▶ **EXERCISE INPUTS**:
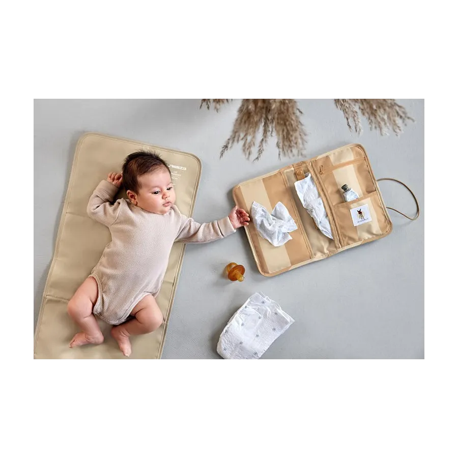 El cambiador portátil beige de Lässig es una solución pensada para quienes necesitan comodidad en cualquier momento del día. Se pliega fácilmente y cabe en cualquier bolso, mochila o compartimento del carrito. Su diseño minimalista permite llevar pañales, toallitas húmedas y accesorios esenciales en sus compartimentos internos.
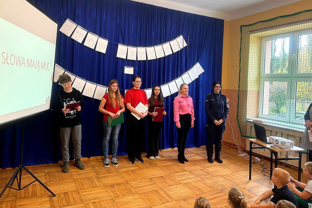 Wczoraj 27.10.2025 uczniowie zaprezentowali przedstawienie i scenki obrazujące różne formy przemocy oraz sposoby reagowania. Policjantka z lipnowskiej komendy, zajmująca się profilaktyką społeczną i sprawami nieletnich, wygłosiła prelekcję na temat przemocy rówieśniczej i przemocy ze strony dorosłych oraz sposobów szukania pomocy.
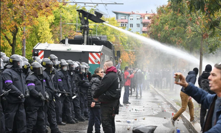 Водомет и слезоточивый газ. В Братиславе разогнали акцию протеста недовольных усилением карантина. Фото
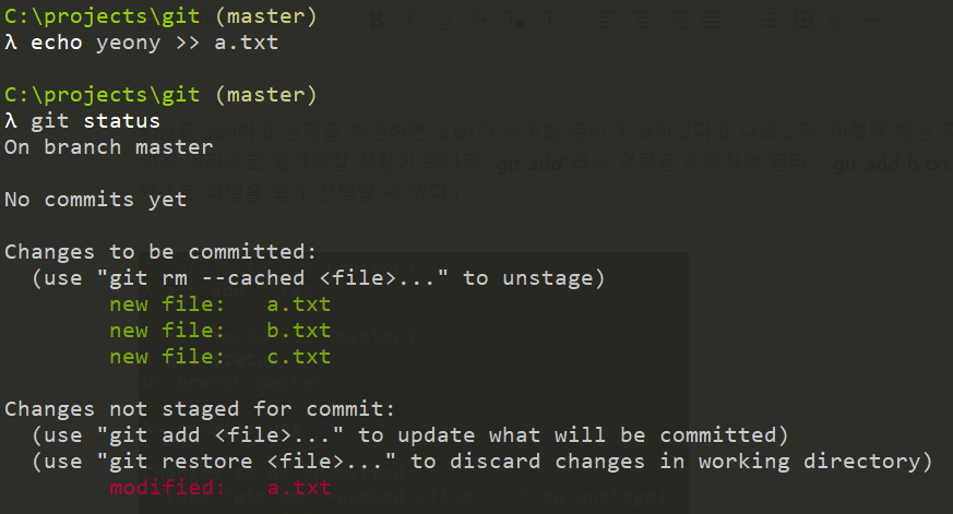 여기서 새로운 문자열인 yeony를 "echo yeony >> a.txt" 명령어로 다시 a.txt파일에 추가하고 다시 상태를 확인하면, 총 3가지 파일은 커밋할 준비가 되어있는데, a.txt 파일이 수정 되어져 있는것을 확인할 수 있다.
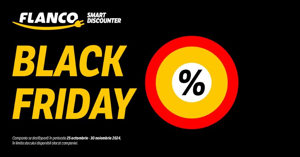 Flanco a dat startul celei de-a 14-a ediții de Black Friday. Retailerul a pregătit reduceri atractive la o gamă extinsă de produse, valabile în perioada 25 octombrie – 30 noiembrie, în toate cele 160 de magazine ale sale din țară, precum și online, pe flanco.ro.
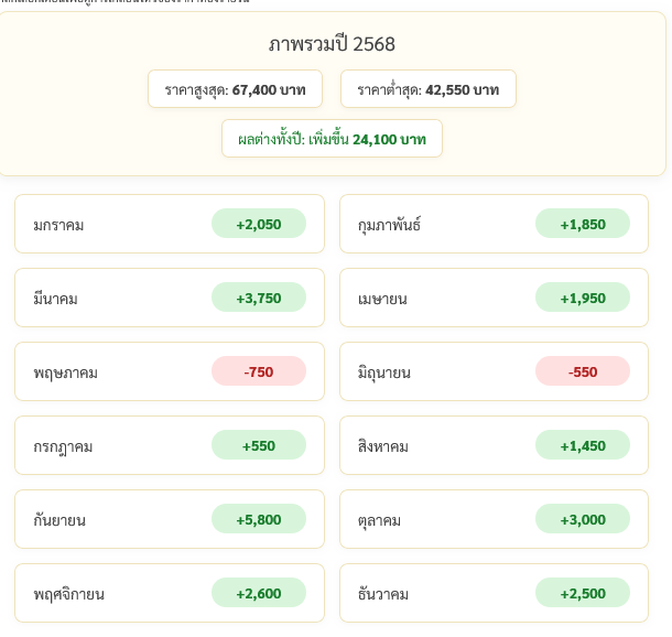 โดยมีถิติการปรับราคาทองขึ้น-ลงในแต่ละเดือนดังนี้
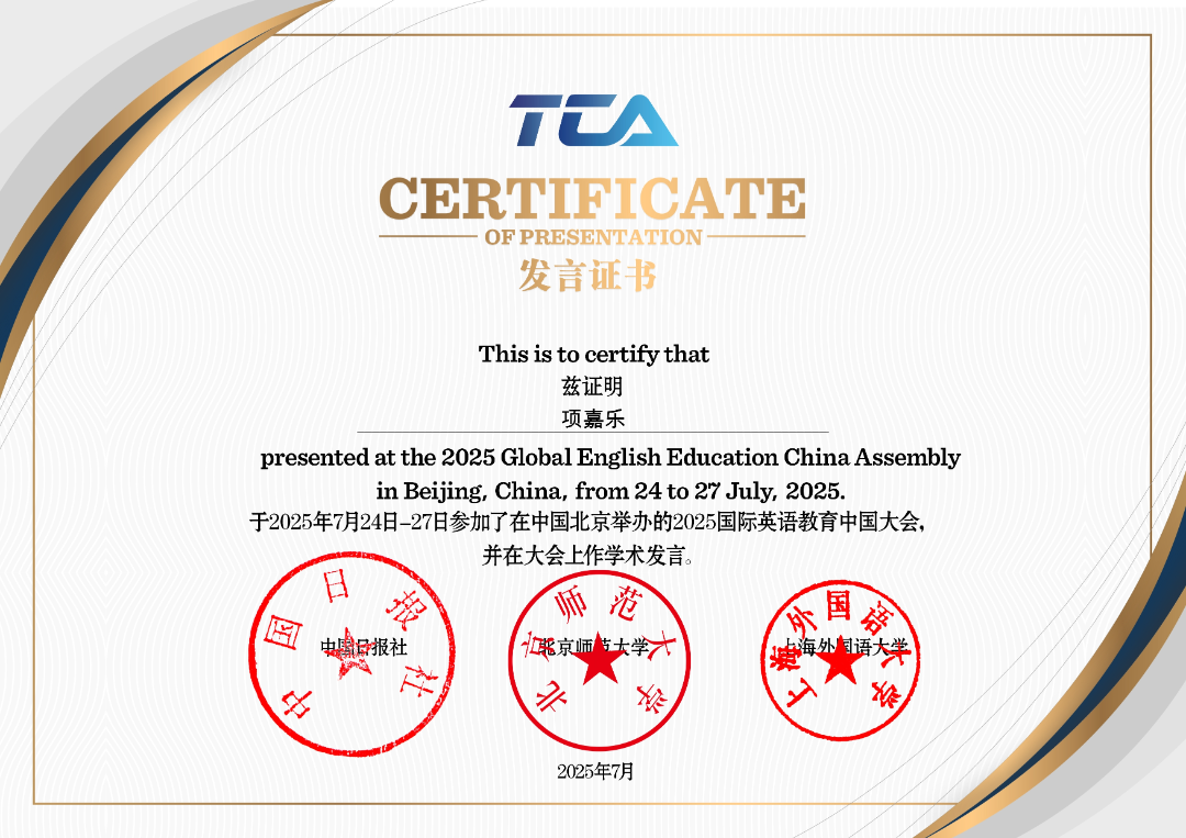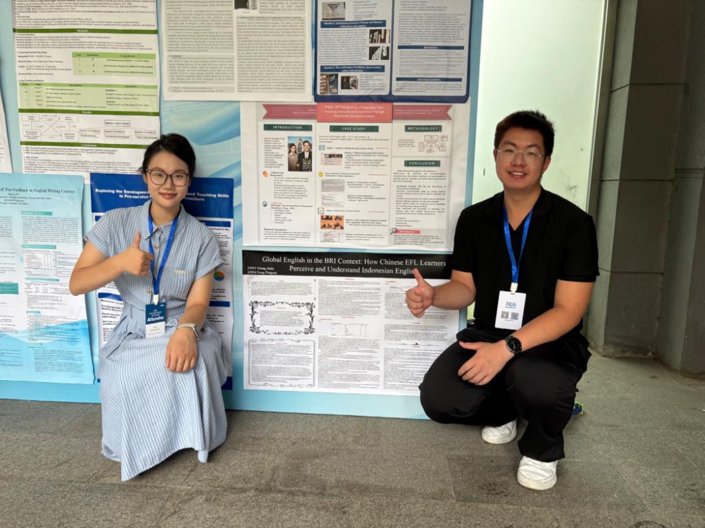 项嘉乐同学表示,“第一次接触学术海报是在谢涵老师的英语课上,学术海报展是考核项目之一。通过课程学习,我锻炼了自己在学术应用场景中的跨文化交际能力,为本次参会打下了坚实基础。课程结束后,我们在谢涵老师的指导下不断打磨研究方案,并获得了国家大创项目的立项。经过为期三个月的数据收集、分析,我们尝试投稿,有幸入围了TESOL大会。”
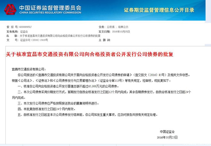 2016年10月25日,筆者從中國證券監(jiān)督管理委員會(huì)獲悉,根據(jù)中國證監(jiān)會(huì)證監(jiān)許可【2016】2410號(hào)《關(guān)于核準(zhǔn)宜昌市交通投資有限公司向合格投資者公開發(fā)行公司債券的批復(fù)》文件,交投公...
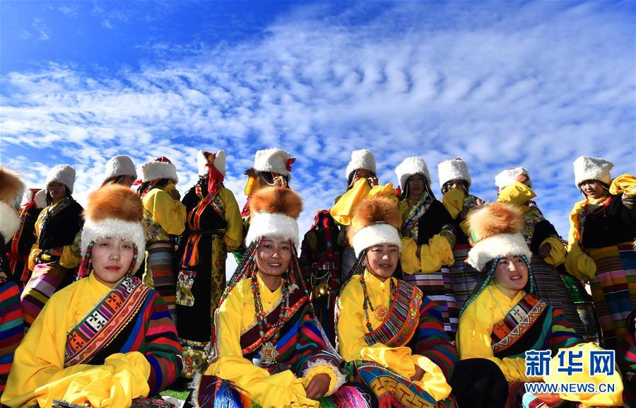 在西藏那曲市赛马节上拍摄的戴“天线帽”的西藏安多妇女(8月10日摄)。 西藏藏北安多县牧民有戴“天线帽”的传统,“天线帽”传统上由羊羔皮、狐狸皮等缝制,现多为羊羔皮及人造皮缝制。不论男女所戴的“天线帽”顶上都有一根类似天线的条状彩线编织物竖起。 新华社记者 觉果 摄
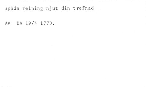 Späda Telning njut din trefnad //// Av DA 19/4 1770.
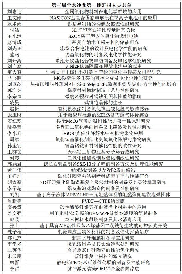 材料公司的菁英学子们围绕自己的研究方向,向大家分享了锂离子电池的发展历程以及基本的工作原理、金属材料的热处理工艺、催化剂的合成反应机理和性能研究、多种高分子材料的合成及性能测试等多方面的内容,涵盖材料学、化学、物理等多个交叉学科,内容丰富、充实。
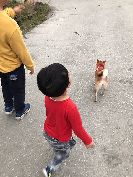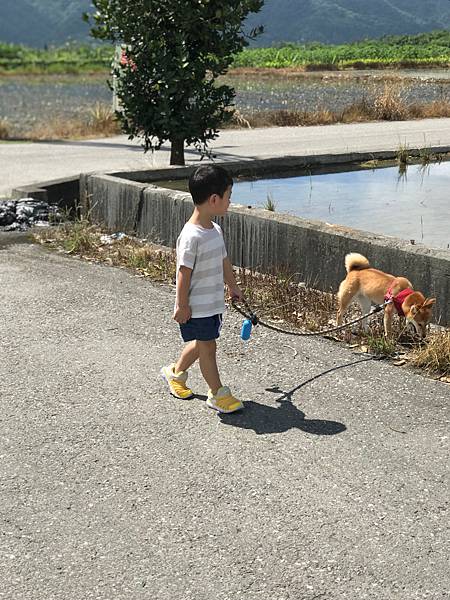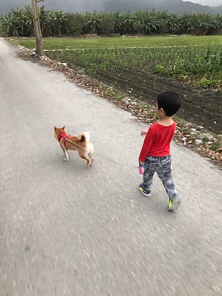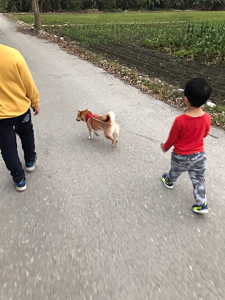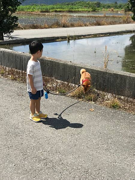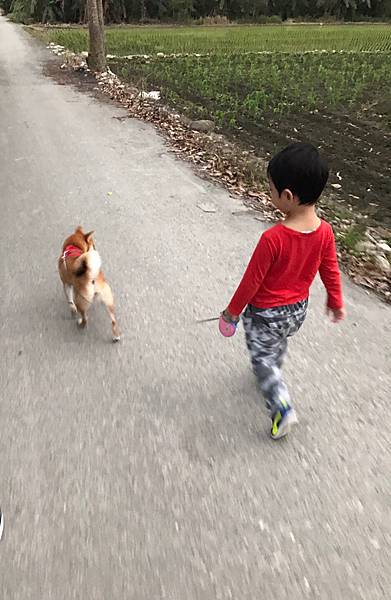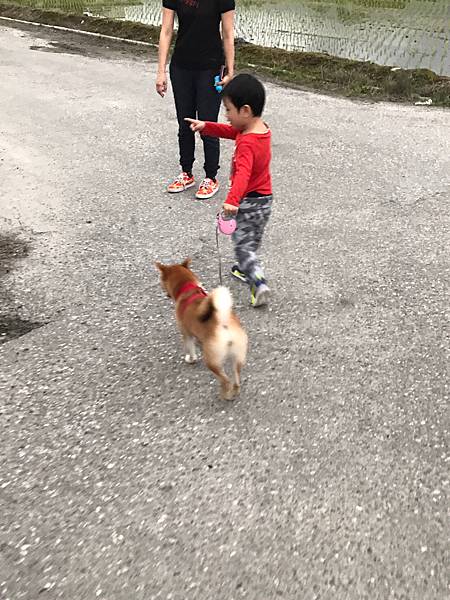 拔辣媽邀我們一起要帶狗狗散步,我們一起鄉間小路繞了一圈。小柴犬叫抖抖,小喜第一次牽狗狗,很成功,果然是膽大包天喜。

▶ **WHAT IS BEING ASKED**:
Your answer should hold only the lines from the line with "材料公司的菁英学子们围绕自己" through the closing line of the records, restated exactly and free of pictures.

▶ **YOUR RESPONSE**:
 材料公司的菁英学子们围绕自己的研究方向,向大家分享了锂离子电池的发展历程以及基本的工作原理、金属材料的热处理工艺、催化剂的合成反应机理和性能研究、多种高分子材料的合成及性能测试等多方面的内容,涵盖材料学、化学、物理等多个交叉学科,内容丰富、充实。
 拔辣媽邀我們一起要帶狗狗散步,我們一起鄉間小路繞了一圈。小柴犬叫抖抖,小喜第一次牽狗狗,很成功,果然是膽大包天喜。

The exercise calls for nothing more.